COMMENTARY

In Oklahoma, West Virginia, Kentucky and other conservative states, teachers have led innovative forms of resistance. The following are the lessons I take from the Sooner State’s nine-day walkout. In a nutshell, educators should celebrate the walkout’s victories, put divisiveness aside and organize a Big Tent response to the disastrous last decade.

Progress requires unity

First, unity is required for progress toward a meaningfully better future. Many rank-and-file teachers are frustrated with the decisions to return to school, but several key points must be emphasized:

  • In the beginning, it took both the threat of a walkout and an initiative petition to raise the gross production tax incentive rate on oil and gas to persuade the Legislature to increase teachers’ wages.
  • Now, energies must be devoted to defeating an initiative backed by former U.S. Sen.

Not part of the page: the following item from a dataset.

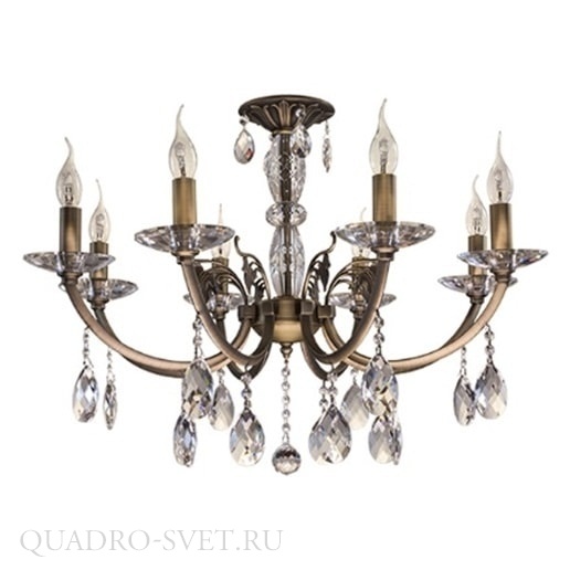 металла бронзового цвета. Поверхность арматуры матовая. Плафон отсутствует. Лампы направленывверх и вниз. Декоративные элементы выполнены из хрусталя. Осветительный прибор рассчитан на освещение пространства площадью 24 кв. м. Тип цоколя используемых ламп E14. Производитель рекомендует использовать лампы мощностью не более 60 Вт. Суммарная мощность светильника составляет 480 Вт. Лампочки в комплект не входят. Защита от попадания влаги и пыли внутрь изделия не предусмотрена. Рекомендуем к применению в гостиной, кабинете, спальне.

Tom Coburn that would de-fund the pay increase.
  • This effort has great potential for building unity among education allies and dividing their opponents. (The same applies to the need for citizen actions to end the constitutional requirement for a 75 percent supermajority to raise taxes and to curtail extreme gerrymandering.)

Support educators’ allies

Second, none of the recent victories would have been possible without the support of local school boards and district administrations (not to mention students and parents). As it became clear that no new money will be appropriated, teachers supported their allies in keeping the rest of the school year from degenerating into chaos. Allied support should continue.

Keep public employees in mind

Third, in an April 12 article on NewsOK.com, Oklahoma Public Employees Association’s executive director Sterling Zearley was quoted as saying:

Recent discussions focus solely on education funding and exclude public safety, veterans’ services, mental health, protective services or any other state agency services.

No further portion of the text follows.